TASK OBJECTIVE :: Using the data that follows, give again word for word the lines between the one holding "Epson Singlepack Cyan" and the one holding "Maße: 5.0 x", inclusive. Omit the pictures.

WORKING DATA ::
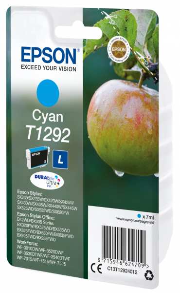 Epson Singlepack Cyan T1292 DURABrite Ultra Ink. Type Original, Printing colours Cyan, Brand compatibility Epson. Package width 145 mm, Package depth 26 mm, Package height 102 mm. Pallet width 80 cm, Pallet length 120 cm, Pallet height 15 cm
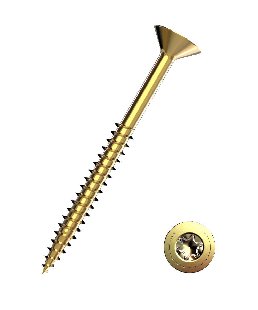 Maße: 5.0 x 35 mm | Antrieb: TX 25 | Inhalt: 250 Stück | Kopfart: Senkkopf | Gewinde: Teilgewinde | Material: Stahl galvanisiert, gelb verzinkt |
* * *
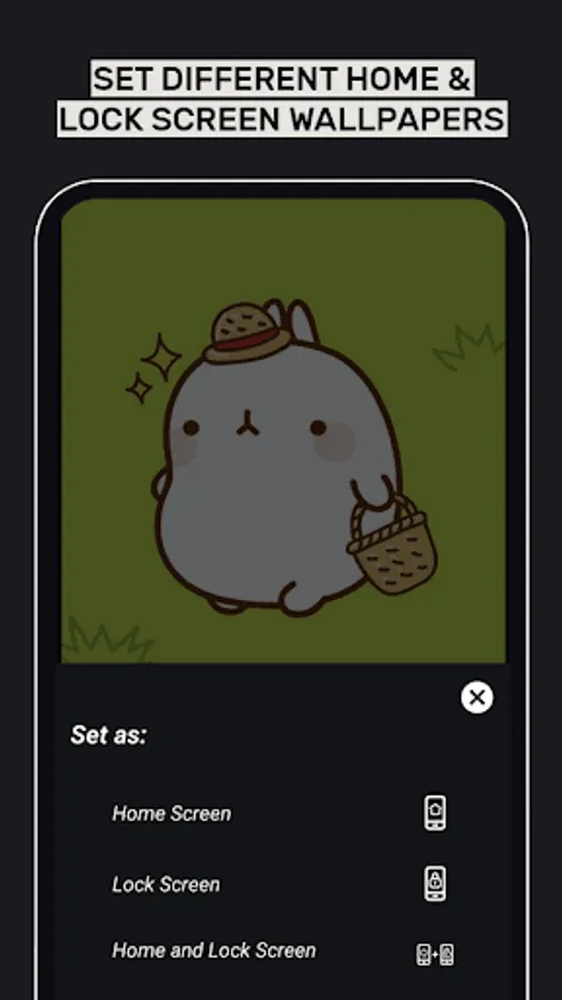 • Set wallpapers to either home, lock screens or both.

EXPECTED OUTPUT ::
 Epson Singlepack Cyan T1292 DURABrite Ultra Ink. Type Original, Printing colours Cyan, Brand compatibility Epson. Package width 145 mm, Package depth 26 mm, Package height 102 mm. Pallet width 80 cm, Pallet length 120 cm, Pallet height 15 cm
 Maße: 5.0 x 35 mm | Antrieb: TX 25 | Inhalt: 250 Stück | Kopfart: Senkkopf | Gewinde: Teilgewinde | Material: Stahl galvanisiert, gelb verzinkt |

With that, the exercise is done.